Выпили по рюмочке, так, из вежливости.

— Хозяйка, дайте счет.

— Пожалуйста. Сто марок.

— Как сто?!

— Вот так. Это вам не публичная библиотека.

— У нас таких денег нет.

Лицо хозяйки делается эсэсовски зловещим, и рядом появляются двое громил. Души моих авантюристов уходят в пятки.

— А сколько у вас есть? — вопрошает владелица заведения.

— Пя — пя — пятьдесят, — лепечут бывшие смельчаки.

— Давайте! — презрительно роняет дама.

Один из несчастных лезет в карман, достает бумажник и — о разиня, о простофиля! — вытягивая пятидесятимарковую бумажку, не умеет скрыть от ястребиного взора хозяйки и другие деньги.

— А это что? — в справедливом гневе кричит атаманша и своими жирными перстами с ловкостью фокусника выхватывает из бумажника еще сто марок, а затем еще и еще. — Вон, обманщики! — кричит фурия.

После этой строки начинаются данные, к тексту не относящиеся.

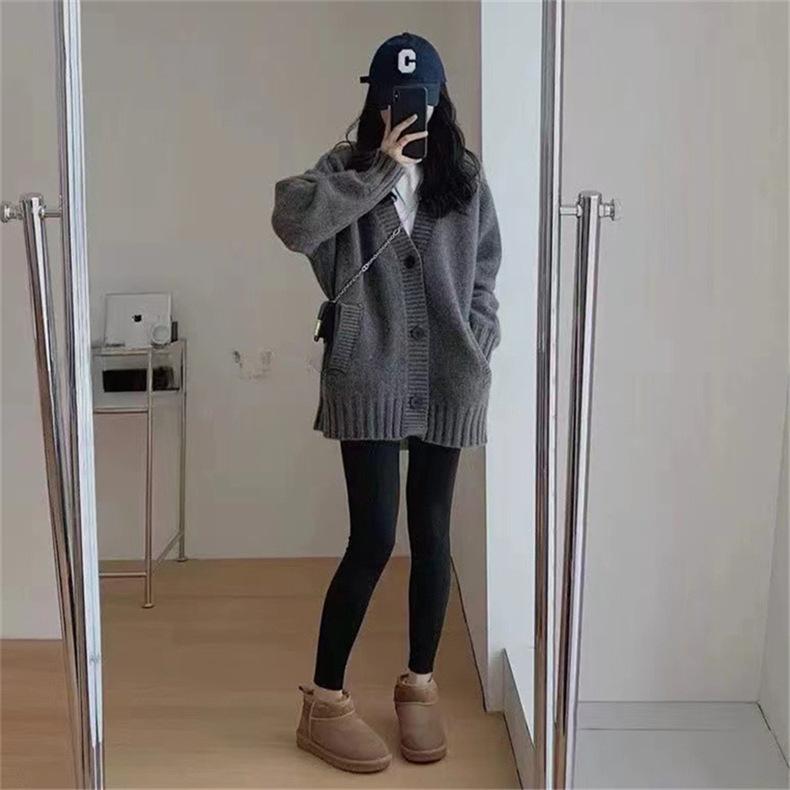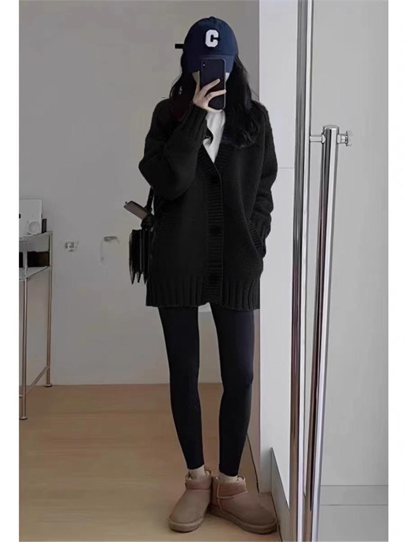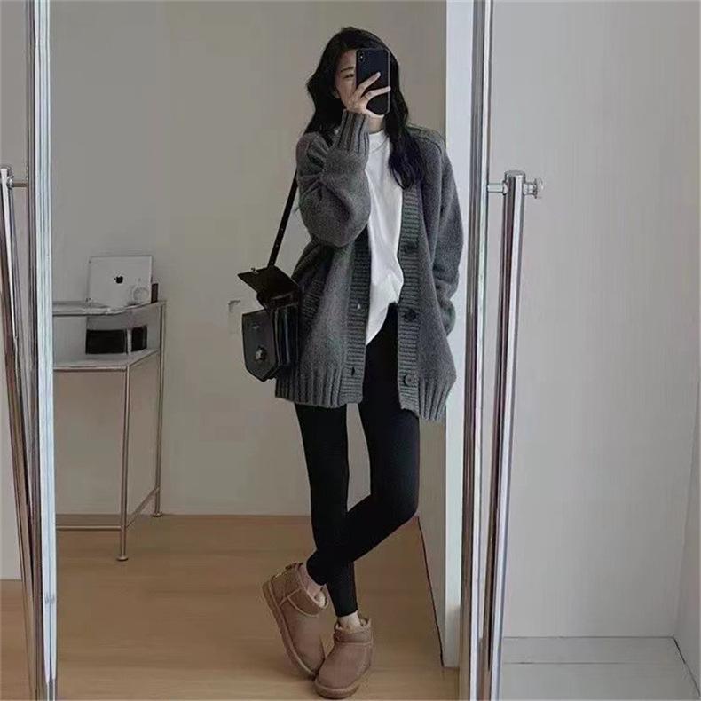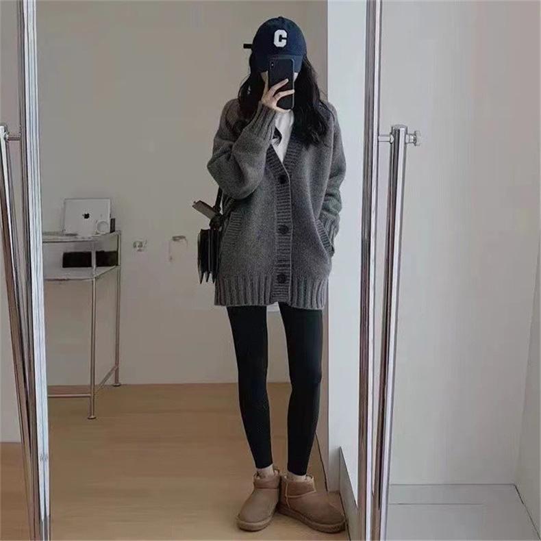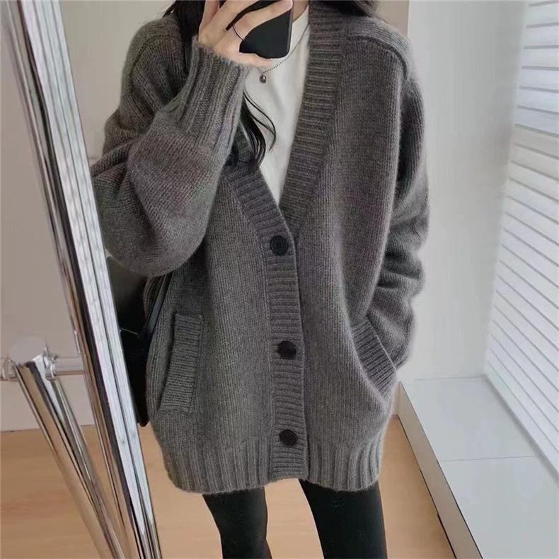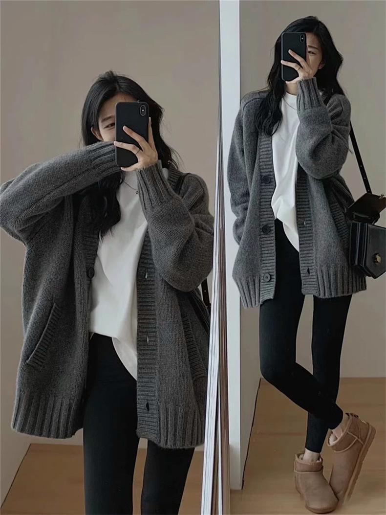 Suéter de Lana Estilo Coreano de Talla Grande Estilo Lazy Suave Cera Suéter Ropa Exterior para Mujer Otoño e Invierno Cachemira Nuevo Cárdigan de Punto de Largo Medio

Несчастные два друга, «…проклиная свой ночлег и своенравную красотку, в постыдный обратились бег». Нет, графу Нулину было только стыдно, а тут и жутко.

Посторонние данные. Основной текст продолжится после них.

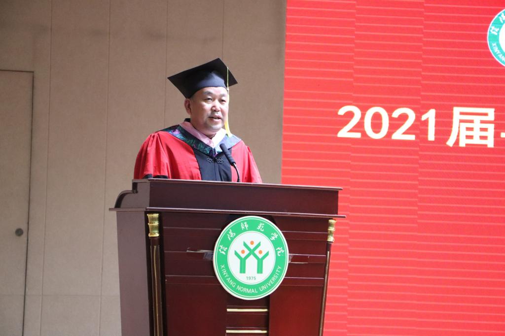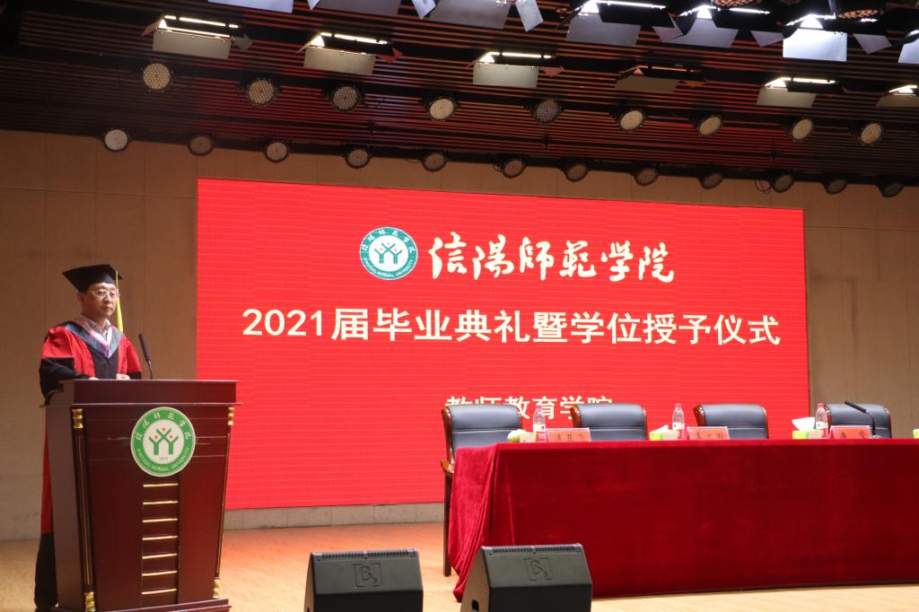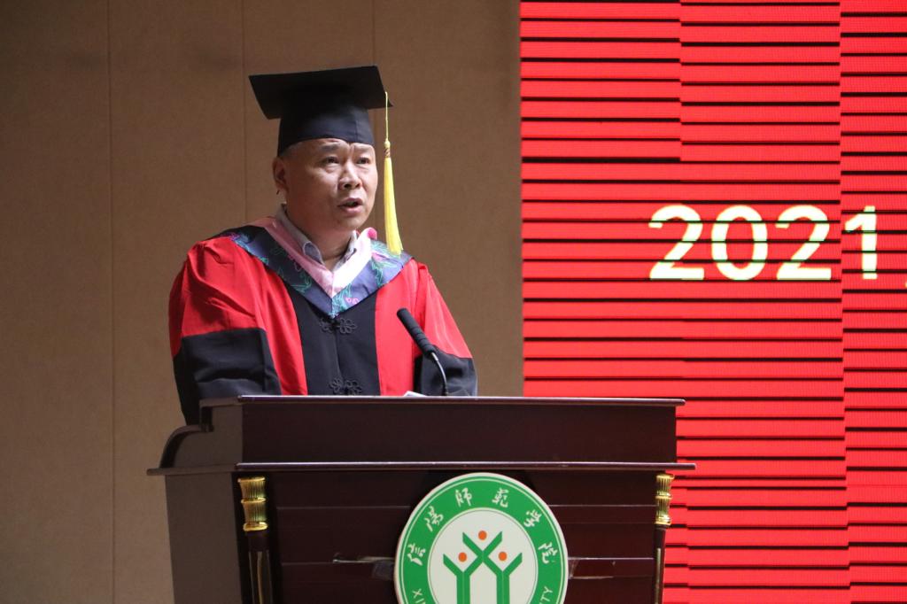 毕业典礼仪式在高亢嘹亮的国歌声中拉开序幕。首先,付永昌教授宣读了学校学位评定委员会关于授予best365英国体育在线189名2021届普通本科小学教育专业毕业生教育学学位的决定并发表致辞。他表示,2017年,怀揣赤子之心的学生和以红色筑梦为依托、立足大别山革命老区乡村教师培育的best365英国体育在线相拥而至。四年来,学生与学院同步伐、共命运,见证着彼此的点滴成长。在最后的离别之际,他向毕业生提出三点建议。第一,永葆初心、砥砺恒心,始终对教师怀有尊敬情怀。第二,天下大事、必作于细,扎实学识,做专业之才。第三,青年向上、国家向前,对未来职业道路充满期待,奋发向上。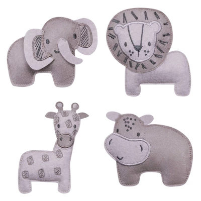 Encourage eye tracking and sound perception skills with the Sydney Musical Mobile by Trend Lab. Wide banded mobile ring features a gray dalmatian dot print with a solid gray trim. Slide cover is coordinating solid white. An adorable felt giraffe, elephant, lion and hippo in shades of gray are suspended from decorative white ribbon and slowly rotate to Brahms’ Lullaby. Mobile easily attaches to most cribs. Mobile measures approximately 24 in tall by 20 in wide. This mobile coordinates with the Sydney collection by Trend Lab. Possible entanglement injury. Keep toy out of baby’s reach. Remove mobile from crib or playpen when baby begins to push up on hands and knees.

Лежу в мягкой чистой постели. Вертятся в глазах огни, мелькают возбужденные лица, хлопают ружья в тире, гудит голова. Нервы натянуты, напряжение не ослабевает, мотор не может сбросить обороты. Глотаю димедрол и постепенно уплываю в сон. Но ненадолго. Пробуждаюсь в темноте. Отчего — не могу понять. Смутно осознаю — я в Нью — Йорке, в гостинице «Уолдорф — Астория», самом знаменитом отеле мира, где останавливаются премьер — министры и короли, как гласит реклама фирмы. Сон отлетает напрочь, в голове полная ясность. Все мускулы мобилизованы.

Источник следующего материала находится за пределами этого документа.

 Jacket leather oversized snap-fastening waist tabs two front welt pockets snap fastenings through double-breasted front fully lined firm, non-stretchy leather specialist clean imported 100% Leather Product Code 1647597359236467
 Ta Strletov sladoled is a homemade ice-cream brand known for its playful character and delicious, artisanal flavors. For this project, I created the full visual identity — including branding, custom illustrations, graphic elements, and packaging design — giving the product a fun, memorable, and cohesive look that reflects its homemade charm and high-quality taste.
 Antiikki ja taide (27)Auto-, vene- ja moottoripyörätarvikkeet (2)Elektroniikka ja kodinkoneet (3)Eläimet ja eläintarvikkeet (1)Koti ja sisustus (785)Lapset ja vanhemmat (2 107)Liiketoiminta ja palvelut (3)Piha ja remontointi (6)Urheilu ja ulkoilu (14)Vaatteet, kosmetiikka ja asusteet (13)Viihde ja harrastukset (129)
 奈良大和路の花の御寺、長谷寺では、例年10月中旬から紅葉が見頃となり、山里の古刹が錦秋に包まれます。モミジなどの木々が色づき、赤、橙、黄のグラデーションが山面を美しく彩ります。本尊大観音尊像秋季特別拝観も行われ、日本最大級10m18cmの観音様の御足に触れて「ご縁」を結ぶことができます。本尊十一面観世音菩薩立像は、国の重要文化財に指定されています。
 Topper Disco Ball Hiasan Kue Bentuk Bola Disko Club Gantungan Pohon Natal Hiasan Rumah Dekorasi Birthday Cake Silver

Встав с постели на пушистый нейлоновый ковер, иду к окнам. Они закрыты наглухо. При кондиционированном устройстве их открывать не надо. Гляжу на улицу. Глаза мои видят только каменные дома — великаны. Приседаю на корточки, заглядываю через стекло вверх, стараясь увидеть небо, но его нет, только верхние этажи зданий светятся белым светом, и я понимаю, что на небе плывет полная луна. Гляжу вниз. Мостовой не видно. Встаю на цыпочки, заглядываю туда, в пропасть. Нет, до дна не дотянуться..

Если бы кто?то вошел в номер, подумал бы — это сумасшедший притаился у окна. Босой, нечесаный, полуголый.

Да и у меня самого чувство вора или соглядатая: хочу подсмотреть ночной мир этого чужого и необычного для меня города. Вслушиваюсь в тишину.

Нет, тишины не слышно. Что?то и где?то все время вибрирует глухо, напряженно. Все живет. Только притаилось.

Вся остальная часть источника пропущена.